(Items from a data source)

++++

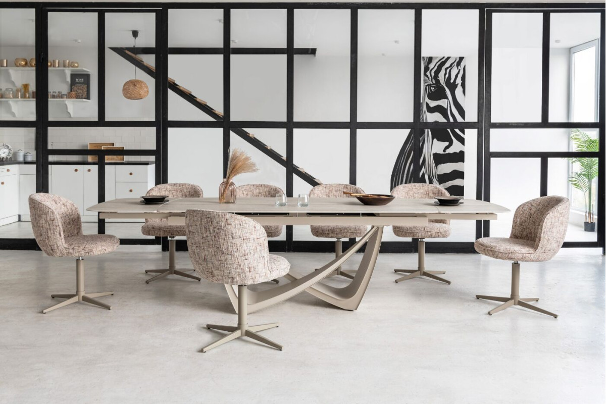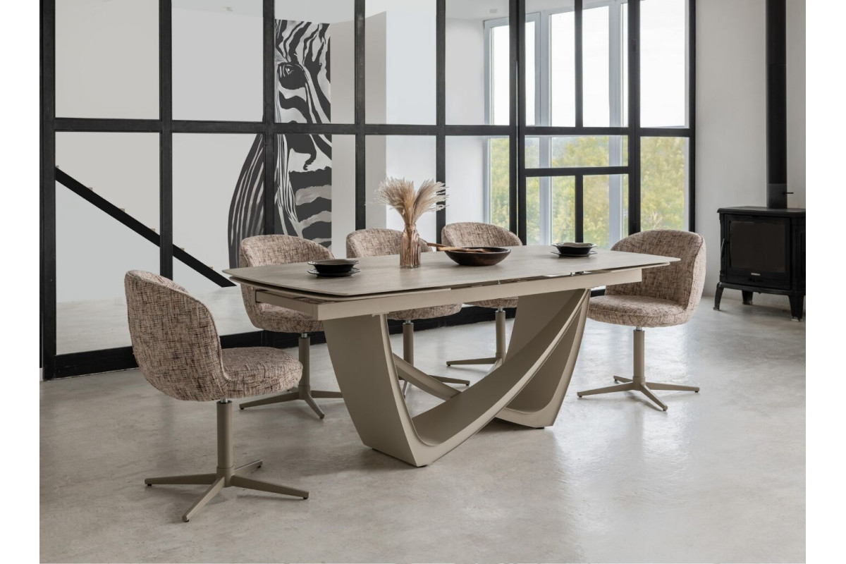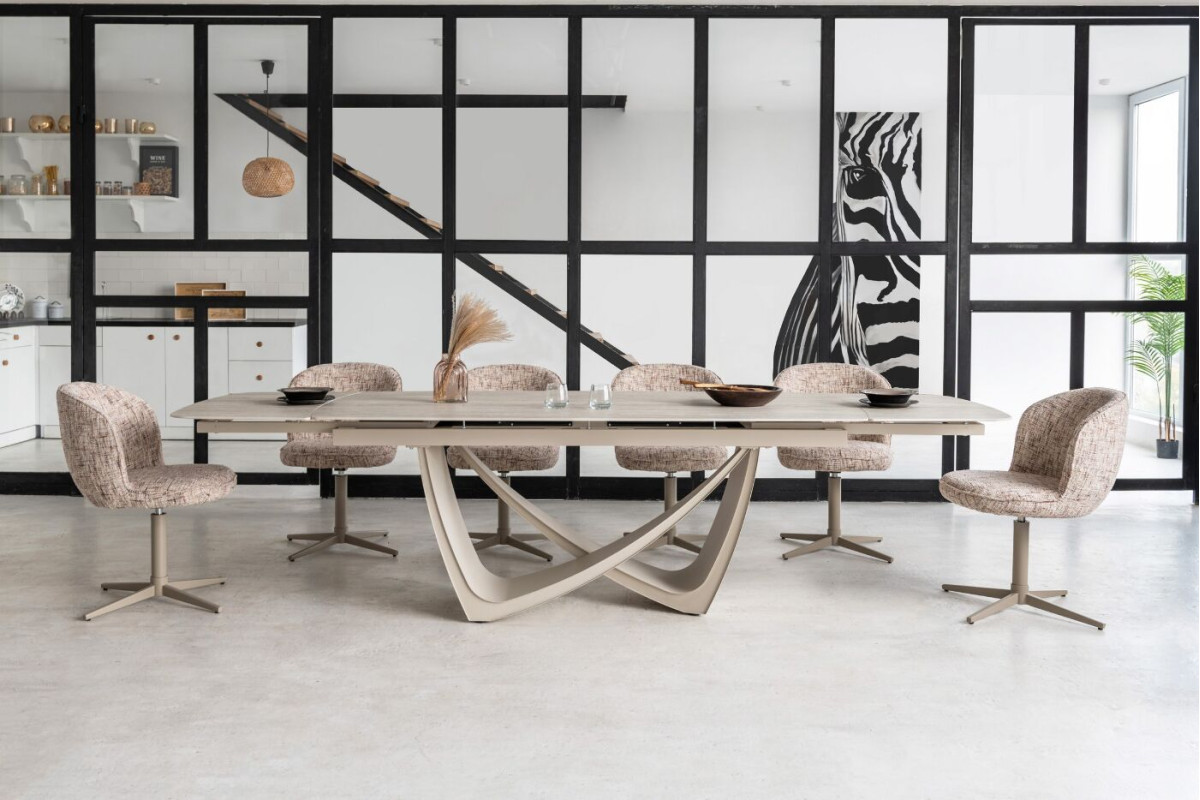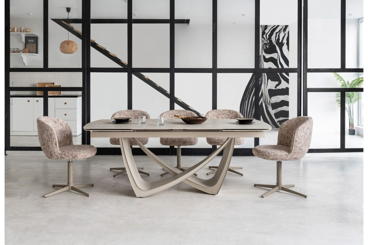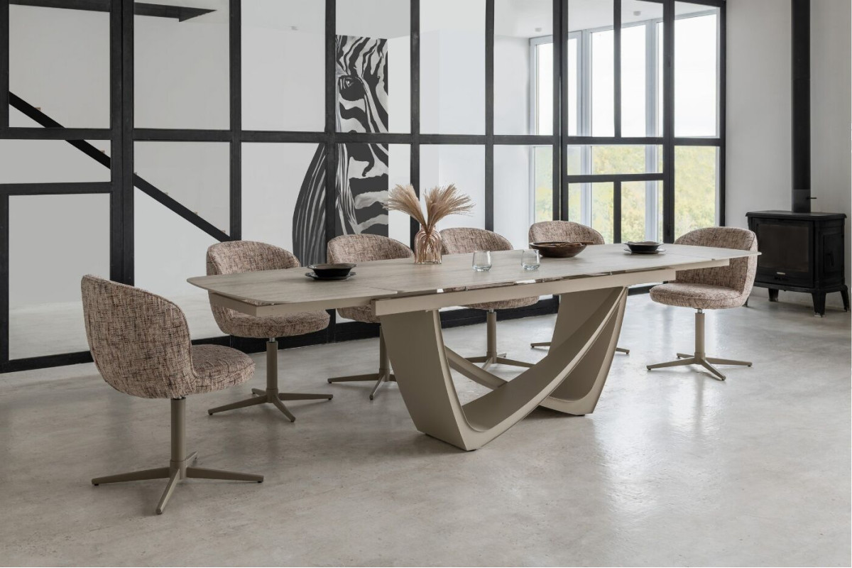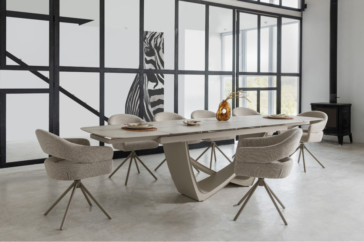 Керамічний стіл Беатріче TML-994 у відтінку грей травертін + бежевий — це втілення елегантності, практичності та сучасного стилю для просторих кухонь і їдалень. Велична прямокутна форма, стільниця з матової кераміки з ефектом натурального каменю та надійна металева основа в теплих бежевих тонах створюють розкішне поєднання дизайну та функціональності.Стіл має розкладну конструкцію з боковим механізмом, що дозволяє швидко збільшити довжину стільниці з 200 см до вражаючих 300 см. Це робить модель ідеальним вибором для великих родин або прийому гостей, адже за ним зручно розміститься до 12 осіб.Матова керамічна поверхня стільниці не лише вишукана на вигляд, а й надзвичайно практична — вона стійка до подряпин, високих температур, плям і легка у догляді. Основа зі сталевого фарбованого металу забезпечує надійну підтримку всієї конструкції, витримуючи вагу до 162.8 кг.Беатріче — це не просто стіл, це центральний акцент вашого інтер’єру, який поєднує в собі функціональність, довговічність і витонченість. Ідеально підходить для сучасного або скандинавського стилю, а також для інтер'єрів у природних, теплих відтінках.
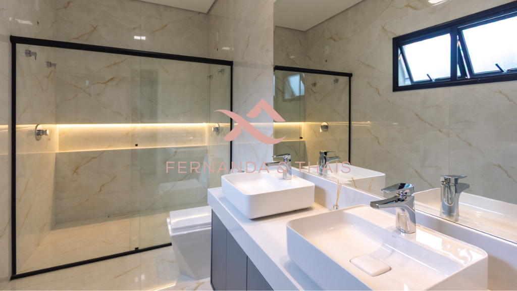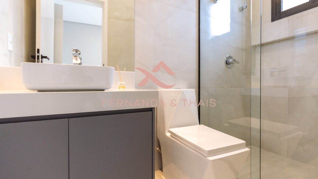 ✔️ Banheiros com bancadas em branco prime, móveis planejados e box
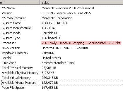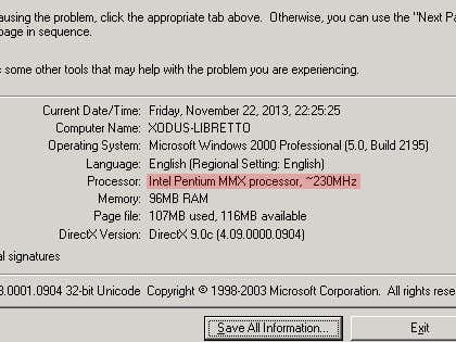 Below are screenshots with the relevant information highlighted obtained from using the DXDiag window and also the System Information utility. Each provides slightly different information about CPU and RAM.
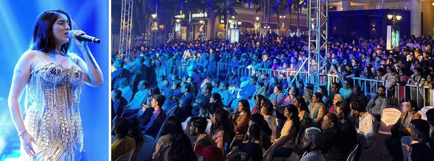 AMBUJA Mall celebrated its 11th anniversary with a dazzling live performance by Bollywood sensation Neha Bhasin in the mall premises in Raipur. Known for her soulful voice and chart-topping hits, Neha lit up the stage captivating the audience with her high-energy renditions of iconic tracks like Kut Kut Bajra, Dhunki, Aslame Ishku Yaara, Din Shagna Da, Laung Gawacha, Nai Jaana, Lathe Di Chadar and Madhaniya. The audience was completely mesmerised by Neha’s electrifying performance and enjoyed an unforgettable evening of music and entertainment.
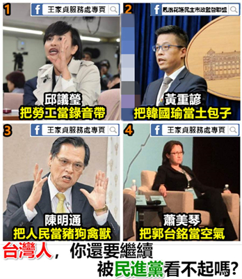 蔡當局執政后不僅推出的政策不得民心,許多官員的言論也經常引發爭議。對此,“鳳凰花護民主市政監督聯盟”PO文指出,綠營“立委”邱議瑩,把勞工當“錄音帶”;蔡英文辦公室發言人黃重諺,把高雄市長韓國瑜當“土包子”;臺陸委會主委陳明通把人民當“豬狗禽獸”;民進黨“立委”蕭美琴,把鴻海集團總裁郭臺銘當“空氣”。該粉專直言“臺灣人,你還要繼續被民進黨看不起嗎?”(中國臺灣網 劉洪羊)
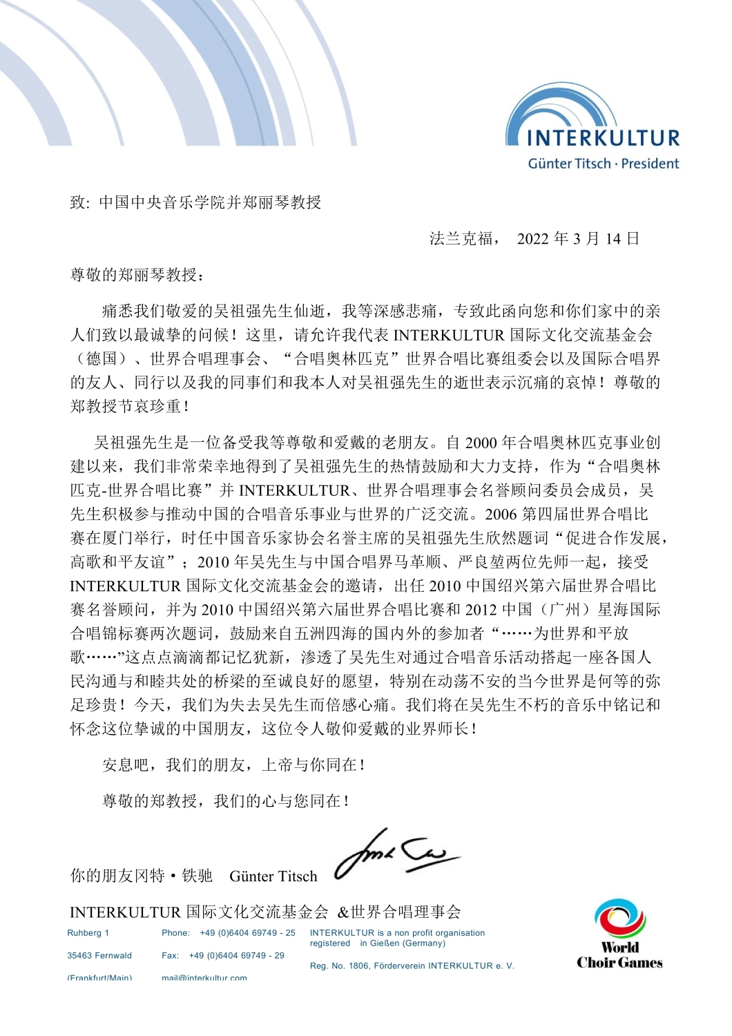 世界合唱比赛组委会主席冈特·铁驰沉痛哀悼吴祖强先生逝世
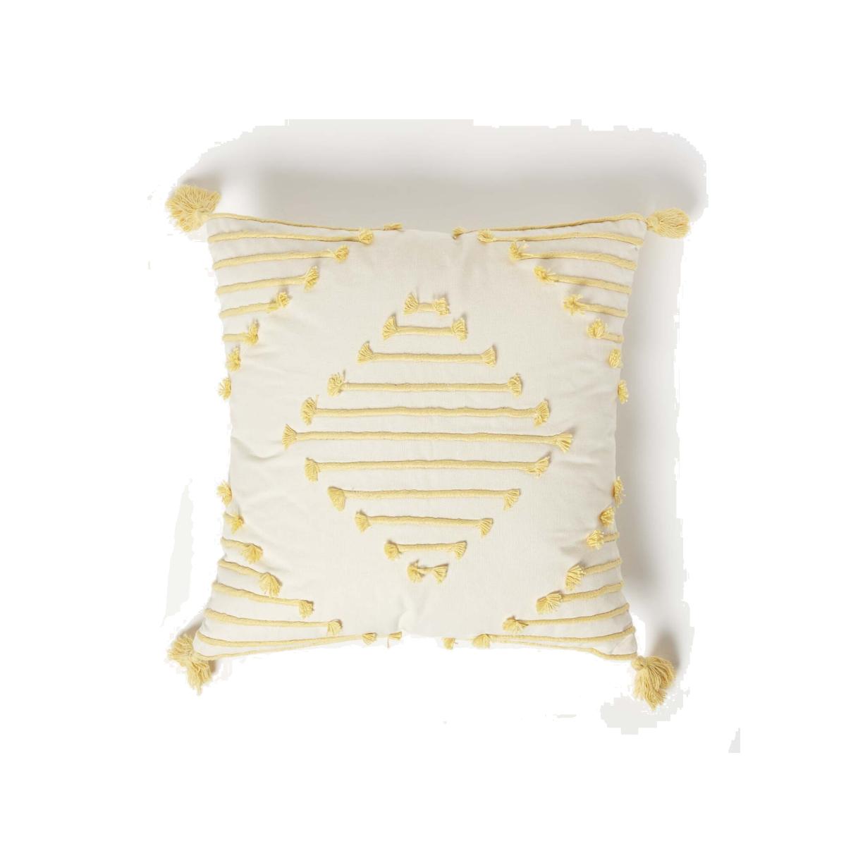 An exclusive collection of tufted cushions from Homescapes. Woven from 100 cotton these colourful throw cushions feature on-trend geometric style designs that are perfect for styling in the bedroom or on the sofa. Expertly handwoven from 100 cotton, these durable cushions feature chevron, geometric, sunshine and floral patterns that are tufted for a textured finish. In a range of muted colours, the collection includes white, cream and natural as well as greens, pinks and yellows. A great way to add colour and style to your home, tufted cushions measure 45 x 45 cm, feature a zip closure and can be mixed and matched to create the perfect cosy look.
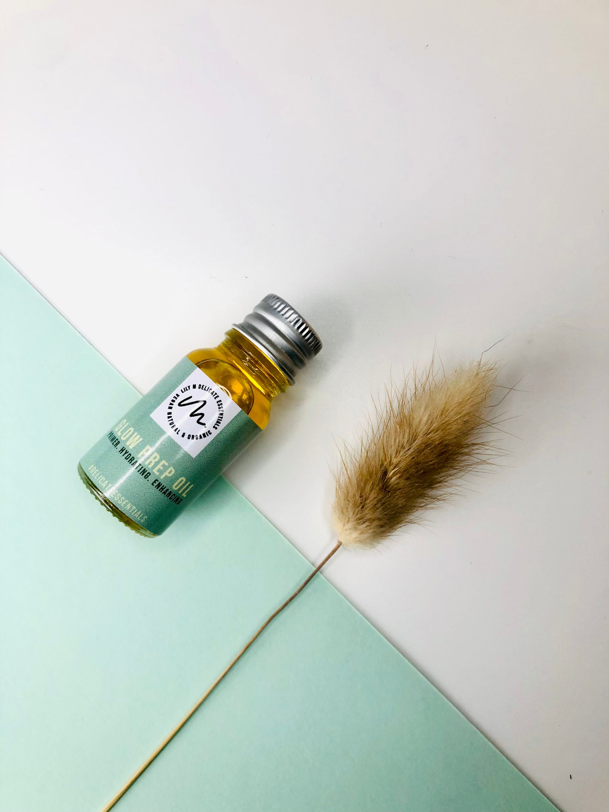 Glow Prep Oil - Ingredients: Actinidia chinensis seed oil, Oenothera biennis oil* Simmondsia chinensis Seed Oil* Tocopherol, Helianthus Annuus Seed Oil, Rosmarinus officinalis* Litsea cubeba Fruit Oil* Citralº Limoneneº Linaloolº Geranialº Citronellolº. *Organic Ingredients º Natural allergens in Essential Oils
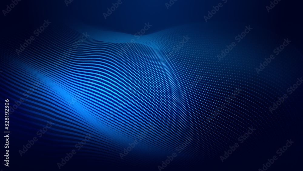 Wall mural : Dot blue wave light screen gradient texture background - abstract ai technology big data digital back

++++

- **Problem description**
Pictures stay out of the copy; please restate every record above exactly.

- **Exercise result**
 Керамічний стіл Беатріче TML-994 у відтінку грей травертін + бежевий — це втілення елегантності, практичності та сучасного стилю для просторих кухонь і їдалень. Велична прямокутна форма, стільниця з матової кераміки з ефектом натурального каменю та надійна металева основа в теплих бежевих тонах створюють розкішне поєднання дизайну та функціональності.Стіл має розкладну конструкцію з боковим механізмом, що дозволяє швидко збільшити довжину стільниці з 200 см до вражаючих 300 см. Це робить модель ідеальним вибором для великих родин або прийому гостей, адже за ним зручно розміститься до 12 осіб.Матова керамічна поверхня стільниці не лише вишукана на вигляд, а й надзвичайно практична — вона стійка до подряпин, високих температур, плям і легка у догляді. Основа зі сталевого фарбованого металу забезпечує надійну підтримку всієї конструкції, витримуючи вагу до 162.8 кг.Беатріче — це не просто стіл, це центральний акцент вашого інтер’єру, який поєднує в собі функціональність, довговічність і витонченість. Ідеально підходить для сучасного або скандинавського стилю, а також для інтер'єрів у природних, теплих відтінках.
 ✔️ Banheiros com bancadas em branco prime, móveis planejados e box
 Below are screenshots with the relevant information highlighted obtained from using the DXDiag window and also the System Information utility. Each provides slightly different information about CPU and RAM.
 AMBUJA Mall celebrated its 11th anniversary with a dazzling live performance by Bollywood sensation Neha Bhasin in the mall premises in Raipur. Known for her soulful voice and chart-topping hits, Neha lit up the stage captivating the audience with her high-energy renditions of iconic tracks like Kut Kut Bajra, Dhunki, Aslame Ishku Yaara, Din Shagna Da, Laung Gawacha, Nai Jaana, Lathe Di Chadar and Madhaniya. The audience was completely mesmerised by Neha’s electrifying performance and enjoyed an unforgettable evening of music and entertainment.
 蔡當局執政后不僅推出的政策不得民心,許多官員的言論也經常引發爭議。對此,“鳳凰花護民主市政監督聯盟”PO文指出,綠營“立委”邱議瑩,把勞工當“錄音帶”;蔡英文辦公室發言人黃重諺,把高雄市長韓國瑜當“土包子”;臺陸委會主委陳明通把人民當“豬狗禽獸”;民進黨“立委”蕭美琴,把鴻海集團總裁郭臺銘當“空氣”。該粉專直言“臺灣人,你還要繼續被民進黨看不起嗎?”(中國臺灣網 劉洪羊)
 世界合唱比赛组委会主席冈特·铁驰沉痛哀悼吴祖强先生逝世
 An exclusive collection of tufted cushions from Homescapes. Woven from 100 cotton these colourful throw cushions feature on-trend geometric style designs that are perfect for styling in the bedroom or on the sofa. Expertly handwoven from 100 cotton, these durable cushions feature chevron, geometric, sunshine and floral patterns that are tufted for a textured finish. In a range of muted colours, the collection includes white, cream and natural as well as greens, pinks and yellows. A great way to add colour and style to your home, tufted cushions measure 45 x 45 cm, feature a zip closure and can be mixed and matched to create the perfect cosy look.
 Glow Prep Oil - Ingredients: Actinidia chinensis seed oil, Oenothera biennis oil* Simmondsia chinensis Seed Oil* Tocopherol, Helianthus Annuus Seed Oil, Rosmarinus officinalis* Litsea cubeba Fruit Oil* Citralº Limoneneº Linaloolº Geranialº Citronellolº. *Organic Ingredients º Natural allergens in Essential Oils
 Wall mural : Dot blue wave light screen gradient texture background - abstract ai technology big data digital back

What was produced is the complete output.